Beblavý interprets the letters as a “delayed and ineffective effort to solve problems about which observers were warning long ago”.

“Even if this step helps in the future, which it won’t, it will in no way influence retroactively the legality of the funds spent as illegal state aid,” Beblavý told The Slovak Spectator.

“In my view it is much better to cancel this overpriced project, which is affected by fraud, than invest additional money into it in the probably vain hope that Brussels will reimburse Slovakia for it,” Beblavý said. “This hope is futile because controls by the European Commission or the Finance Ministry in these companies are gradually revealing additional serious problems, so the probability of repayment is anyway low.”

Moreover, according to Beblavý, the pilot social companies are an extremely expensive and ineffective way of solving unemployment, and money might therefore be used in a different way.



The companies themselves suggest that it might now be extremely difficult to change their business focus.

“It would probably not be possible, since the technologies that we have cannot be changed now, as the operation is running,” said the boss of Veľkokrtíšsky Sociálny Podnik (Veľký Krtíš Social Enterprise), Branislav Králik, as quoted by the Hospodárske Noviny financial daily.

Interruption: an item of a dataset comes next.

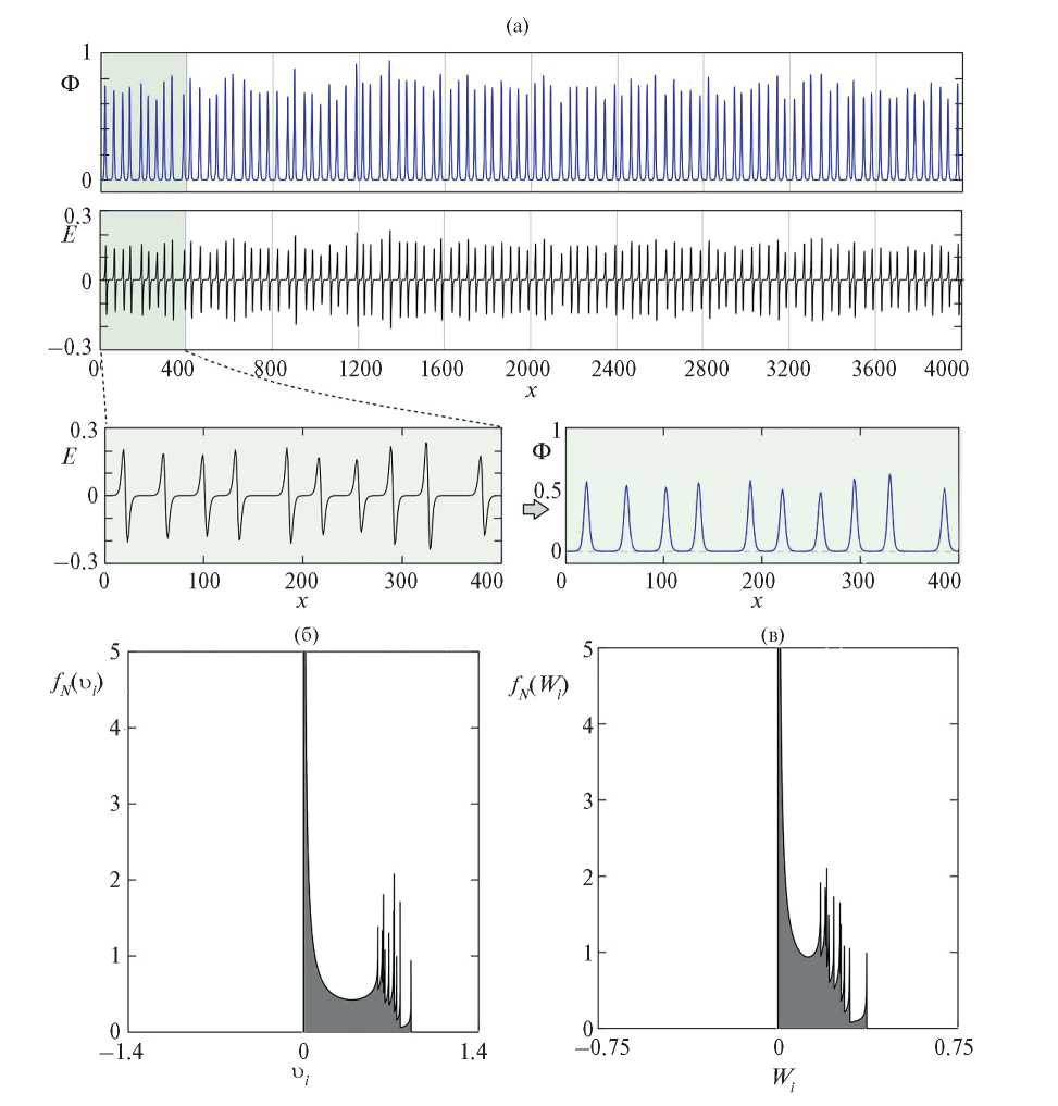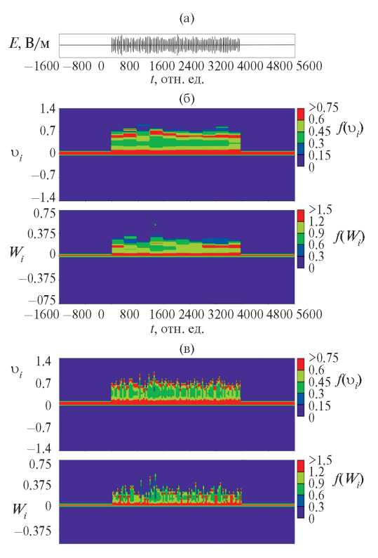 Рис. 6. Моделирование группы из 100 солитонов: (a) – профили электрического поля; (б), (в) – функции распределения по скоростям и энергиям fN(υi), fN(Wi), рассчитанные для случаев низкого и высокого временного разрешения соответственно.

As of January 19, 2010, social companies had received €11.3 million in public funds and there is now a danger that the European Commission will not repay Slovakia some of the funds, as was originally intended.

The EC has not said when its final report will be ready. However, Mária Javorová, spokesperson for the European Commissioner for Employment, Social Affairs and Inclusion, told The Slovak Spectator that the act of sending the draft report in the language of the member state to the concerned national authority would open what is known as a contradictory procedure, after which the report would become final.

“It is as well not possible to know at this stage if the final version will differ from the draft report - in any case, the Commission never comments on the contents of draft reports,” Javorová told The Slovak Spectator.

In response to inquiries about the draft EC audit report, the Labour Ministry said that the problems of social companies can be seen “at different levels” one of which, ministry spokesman Michal Stuška suggested to The Slovak Spectator on March 26, is “in the period before the parliamentary elections [and hence] unambiguously political”.

According to Stuška, the publication of internal working materials which are subject to a discussion between Slovak institutions and the European Commission or part of the European Commission is “unethical”.

The Slovak authorities will inspect the problematic findings pertaining to the activities of the social companies but none of the areas of problems that the working version of the EC report opens has been closed, Stuška said in late March.

According to information provided by Stuška, since July 22, 2009, advance payments and refunds have been provided to the following social companies: Spišsko-gemerský Sociálny Podnik, Veľkokrtíšsky Sociálny Podnik, Revúcky Sociálny Podnik, Horehronský Sociálny Podnik, Sociálny Podnik – Mesto Krompachy, Gemerský Sociálny Podnik and Arvik, based in Bardejov.